Distribution of the partitions:

elukey@kafka1012:~$ kafka topics --describe | grep -v PartitionCount | awk '{print $8}' | sed 's/,/\n/g' | sort | uniq -c
    177 12
    171 13
    187 14
    190 18
    191 20
    182 22
(#partitions, broker)

The increase in log size correlates to the time at which I set inter.broker.protocol.version=0.9.0.X. We did kafka1012 last week, and the rest of the brokers yesterday.

Since they all now have log size increasing, it doesn't look like its going to stop! Hm!

I wonder if this has something to do with retention logic changes in 0.9. Investigating.

Ok, I believe that when switching inter.broker.protocol.version and bouncing brokers, on startup they most have touched the data files on disk. Since log retention is based on file mtime, and all of the log files were touched when the broker started up, it will take a full week before any old logs are removed.

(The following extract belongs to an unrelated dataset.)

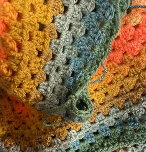 It’s partly a scrap blanket and if you think you recognise the colours so far you are right. Take a look at Nasturtiums here we come! (and associated posts)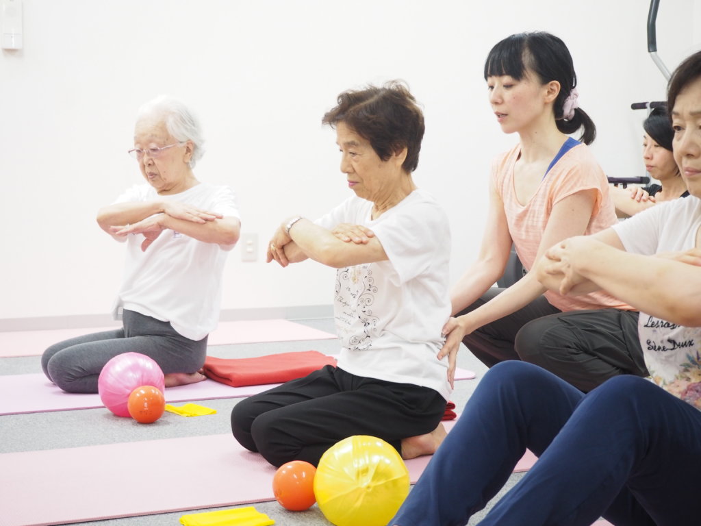 シニアピラティスとの出会いは、10年くらい前から高齢者施設(神戸市北区みねのさと)のボランティアで長年特別講師をさせていただいていたこと。

We will check back on kafka1012 on Thursday or Friday this week to see if my guess is correct. We'll also need to keep an aye on disk usage. If we ever get close to filling up disks, we should set log retention size to something small enough to get it to delete the files, and then bounce the broker.

Grr, these are getting close to full. Luca and I tried to dynamically set topic retention, but kafka didn't seem to care. (I had never tried it before). I'm going to have to bounce the brokers in order to get them to temporarily run with a shorter retention period. Starting this now...

I take it back! The command I had run previously looks like it had a larger retention.ms than the default! Doh! This is working:

kafka configs --alter --entity-type topics --entity-name webrequest_upload --add-config retention.ms=172800000 # 48 hours

Ok, brokers have deleted webrequest_upload data older than 48 hours. I've removed the topic config override via:

kafka configs --alter --entity-type topics --entity-name webrequest_upload --delete-config retention.ms

Things are a little better now. We might have to do this for webrequest_text too, if things start filling up again before Monday.